EXERCISE OBJECTIVE>
Please go line by line and repeat the data below exactly, with no images.
□ □ □ □ □ □ □
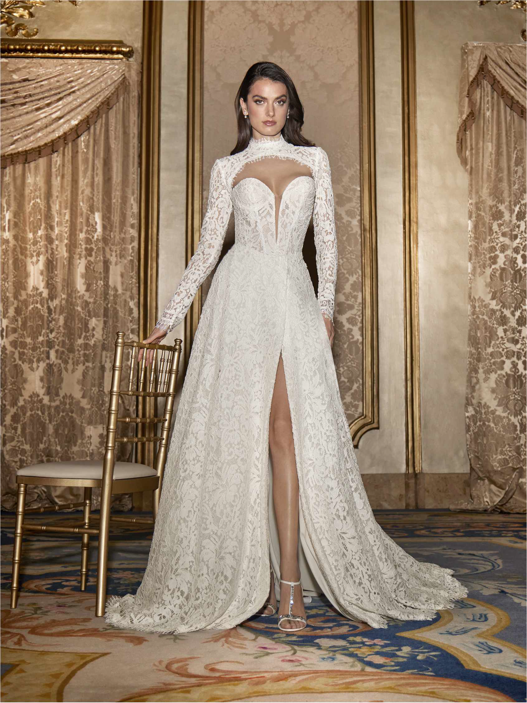 Una combinación sofisticada y versátil. El vestido palabra de honor con falda fluida y abertura lateral se combina con un bolero de cuello alto y espalda cerrada, creando un contraste entre sensualidad y discreción.
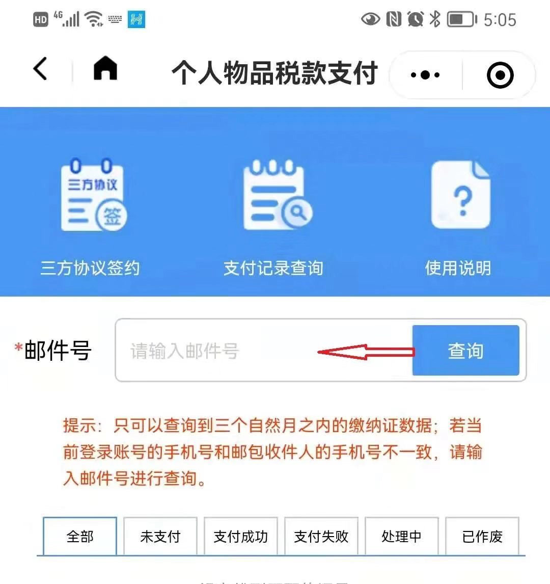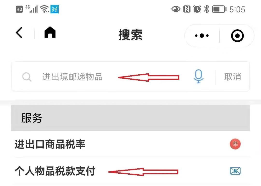 第四步:搜索并点击“个人物品税款支付”服务
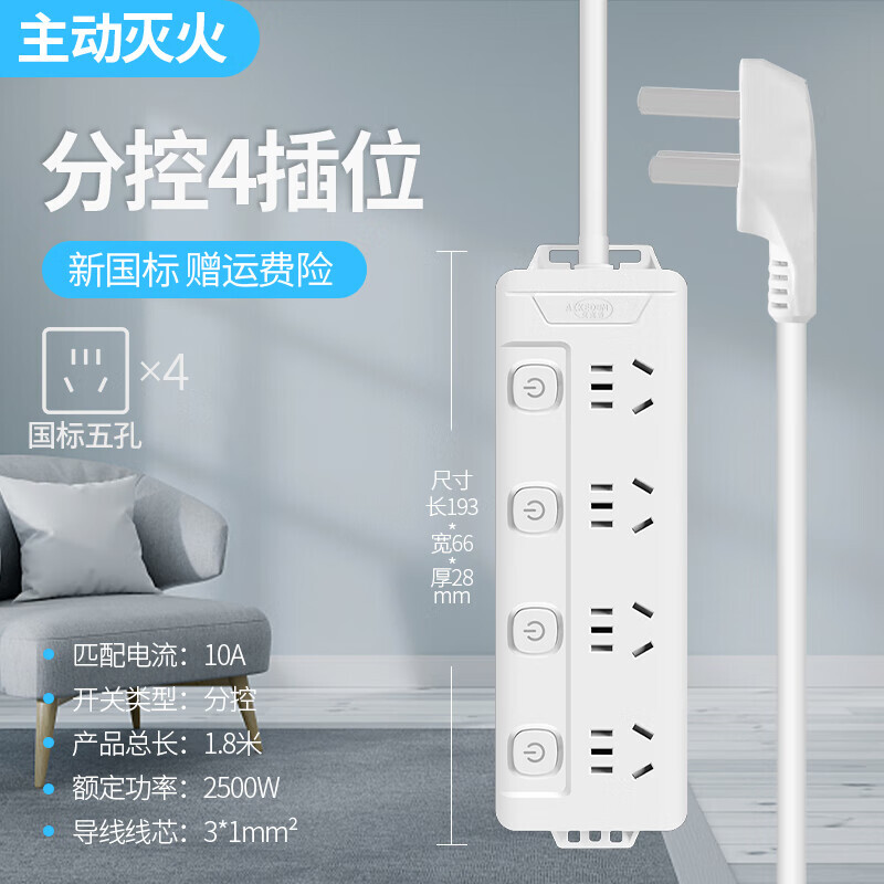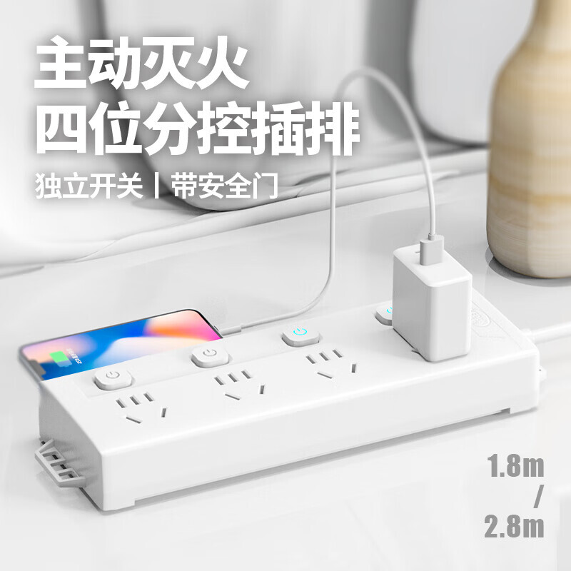 AIKEDUN 艾克盾 4位分控灭火插排 分控4插位 1.8M 29.9元(需用券)
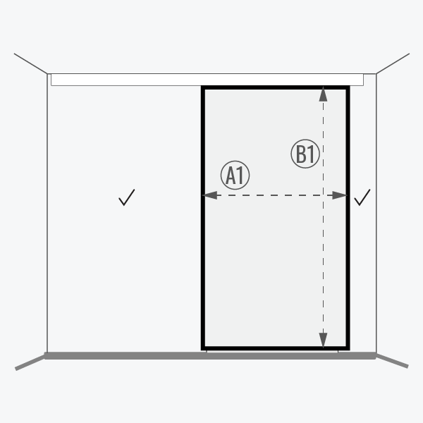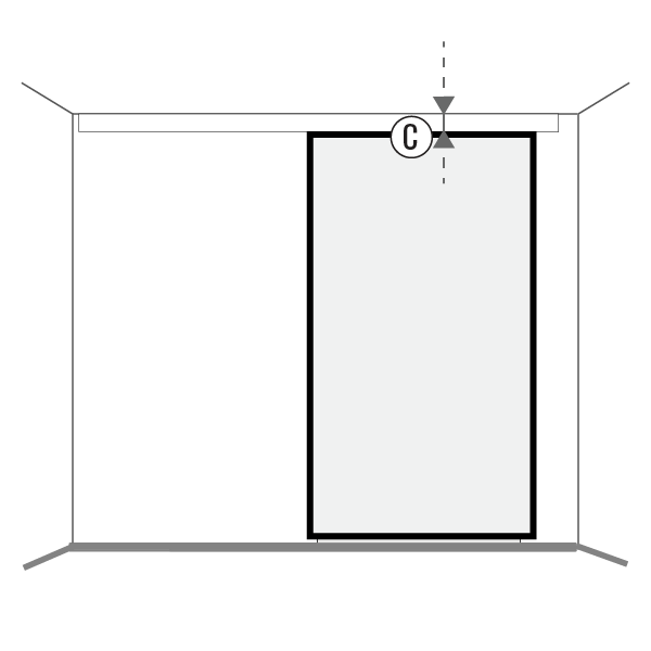 Bei Türen mit Deckenmontage ist das Türblatt aufgrund der Befestigung der Führungsschiene an der Decke etwas niedriger als die Höhe der Türöffnung. Achten Sie auf den verfügbaren Platz unter der Decke, der für eine ordnungsgemäße Installation benötigt wird.
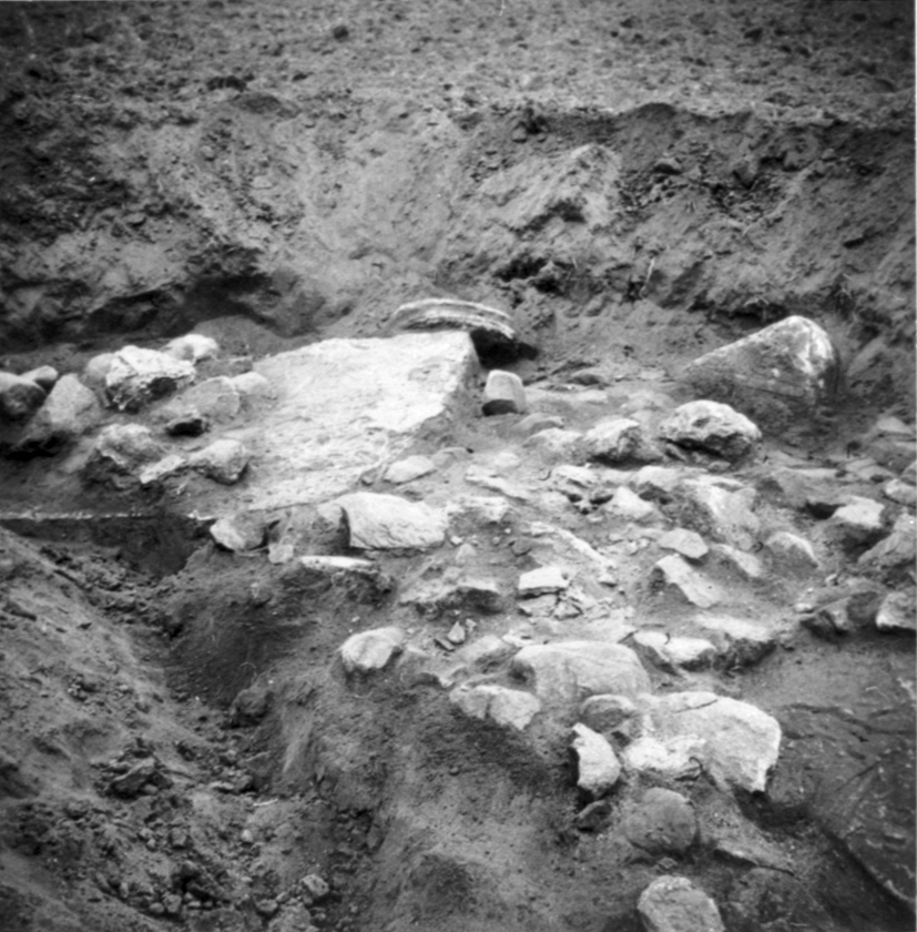 Backgården och Junkragården. Gravfält. Stenpackning av skärvig sten och flat häll.
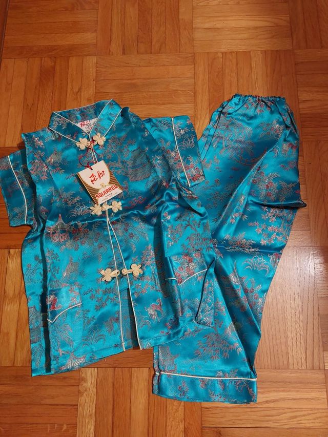 Dettagli del prodottoPigiama in stile kimono per bambino/a di 2 anni. Realizzato in tessuto satinato con una bellissima stampa floreale e draghi.
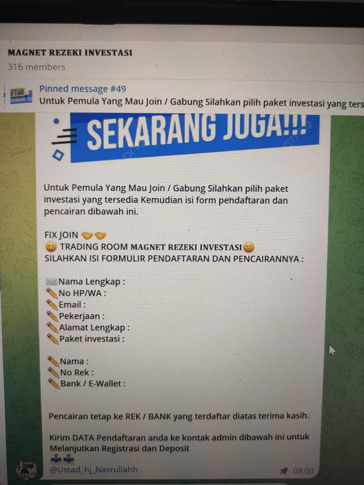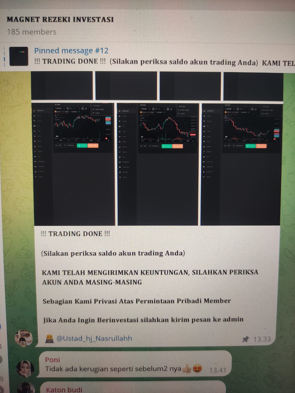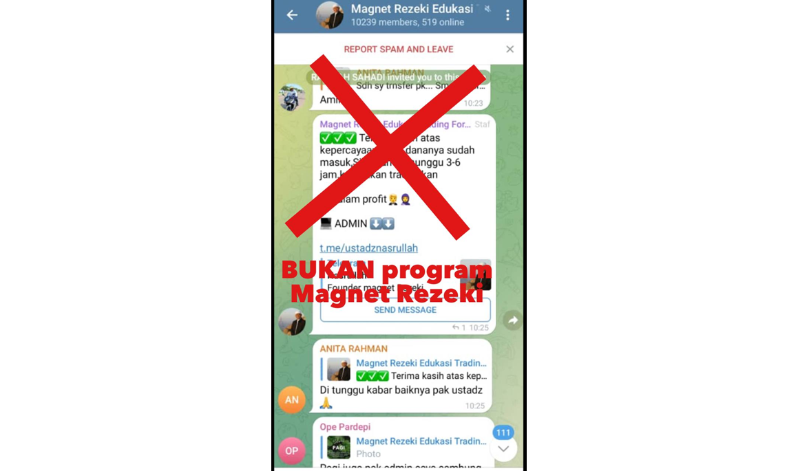Mohon saling mengingatkan di grup atau komunitas masing-masing agar tidak tertipu oleh ajakan investasi atas nama Magnet Rezeki. Jika ragu, laporkan kepada kami.
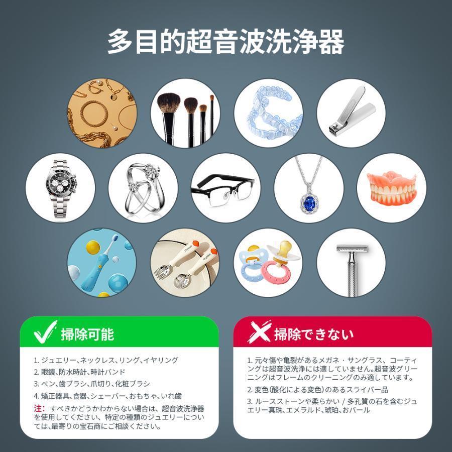 【洗浄できるもの】:プラスチック類、ガラス類、陶磁器類、貴金属(アクセサリー)例:メガネ、入れ歯、くしの他に、シェーバーの刃・化粧ブラシ・印鑑・ナイフ、フォーク・万年筆のペン先なども洗浄可能。
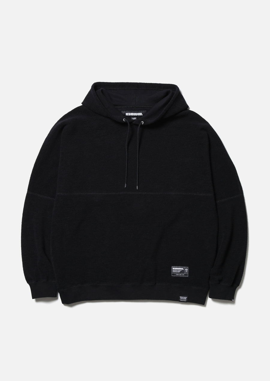 A reversible pullover hoodie utilizing the pile side of tightly knit fleece-backed fabric. Designed with distinctive paneling. Features a logo print on the jersey side and a brand tag on the pile side. Includes a brand tag inserted in the cuff.
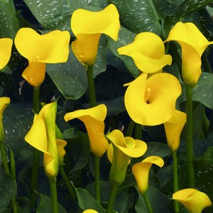 Калла Голд Раш относится к группе многолетних клубневых растений. Цветок насыщенно желтый, воронкообразной формы. Высота прямых цветоносов достигает 60-90 см. Листья стреловидные, остроконечные или в форме сердца, темно-зеленые с белым крапом и бордовой каймой. Цветение продолжается с июля по сентябрь. Клубни каллы высаживают в апреле на глубину 15 см на расстоянии 30 см друг от друга. Предпочитают солнечное место. влажную, дренированную, богатую полезными ископаемыми и гумусом почву. Перед самыми заморозками, надземную часть растения удаляют, клубни выкапывают, оставляя 2-3 листочка на черенке, и кладут на хранение. Размножение производится делением клубня. Используется в ландшафтном дизайне, на выгонку и срезку.
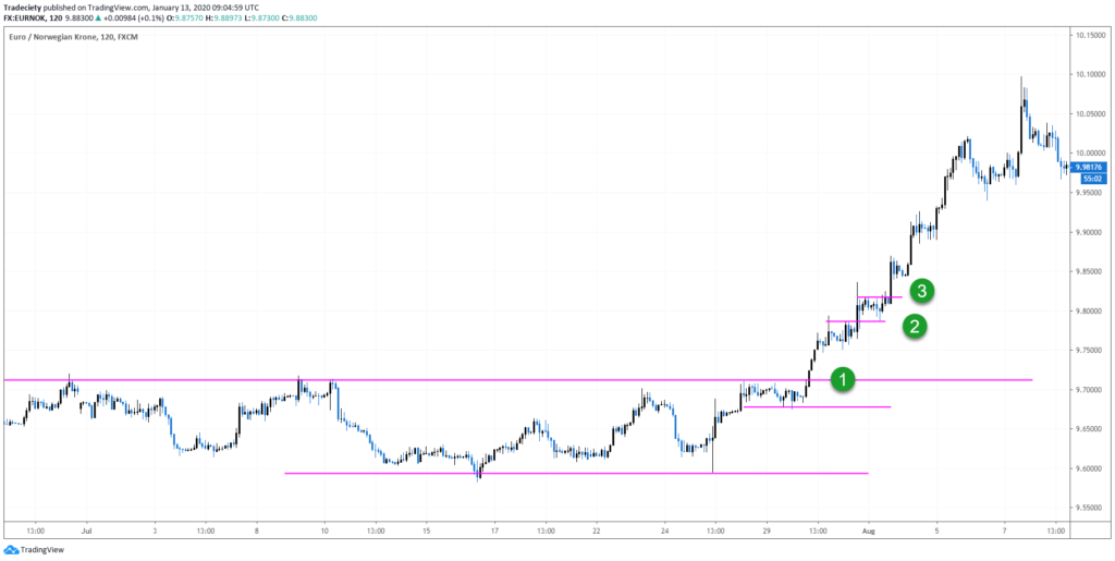 Once the price has broken out of the sideways range, a trader would wait for short consolidations that allow you to draw horizontal levels at the top. Points (2) and (3) are great examples here. Such consolidation phases are often used to time trend-following entries and I talked about this in the past in my pullback-strategy guide.
□ □ □ □ □ □ □
RESPONSE FOR THIS EXERCISE>
 Una combinación sofisticada y versátil. El vestido palabra de honor con falda fluida y abertura lateral se combina con un bolero de cuello alto y espalda cerrada, creando un contraste entre sensualidad y discreción.
 第四步:搜索并点击“个人物品税款支付”服务
 AIKEDUN 艾克盾 4位分控灭火插排 分控4插位 1.8M 29.9元(需用券)
 Bei Türen mit Deckenmontage ist das Türblatt aufgrund der Befestigung der Führungsschiene an der Decke etwas niedriger als die Höhe der Türöffnung. Achten Sie auf den verfügbaren Platz unter der Decke, der für eine ordnungsgemäße Installation benötigt wird.
 Backgården och Junkragården. Gravfält. Stenpackning av skärvig sten och flat häll.
 Dettagli del prodottoPigiama in stile kimono per bambino/a di 2 anni. Realizzato in tessuto satinato con una bellissima stampa floreale e draghi.
Mohon saling mengingatkan di grup atau komunitas masing-masing agar tidak tertipu oleh ajakan investasi atas nama Magnet Rezeki. Jika ragu, laporkan kepada kami.
 【洗浄できるもの】:プラスチック類、ガラス類、陶磁器類、貴金属(アクセサリー)例:メガネ、入れ歯、くしの他に、シェーバーの刃・化粧ブラシ・印鑑・ナイフ、フォーク・万年筆のペン先なども洗浄可能。
 A reversible pullover hoodie utilizing the pile side of tightly knit fleece-backed fabric. Designed with distinctive paneling. Features a logo print on the jersey side and a brand tag on the pile side. Includes a brand tag inserted in the cuff.
 Калла Голд Раш относится к группе многолетних клубневых растений. Цветок насыщенно желтый, воронкообразной формы. Высота прямых цветоносов достигает 60-90 см. Листья стреловидные, остроконечные или в форме сердца, темно-зеленые с белым крапом и бордовой каймой. Цветение продолжается с июля по сентябрь. Клубни каллы высаживают в апреле на глубину 15 см на расстоянии 30 см друг от друга. Предпочитают солнечное место. влажную, дренированную, богатую полезными ископаемыми и гумусом почву. Перед самыми заморозками, надземную часть растения удаляют, клубни выкапывают, оставляя 2-3 листочка на черенке, и кладут на хранение. Размножение производится делением клубня. Используется в ландшафтном дизайне, на выгонку и срезку.
 Once the price has broken out of the sideways range, a trader would wait for short consolidations that allow you to draw horizontal levels at the top. Points (2) and (3) are great examples here. Such consolidation phases are often used to time trend-following entries and I talked about this in the past in my pullback-strategy guide.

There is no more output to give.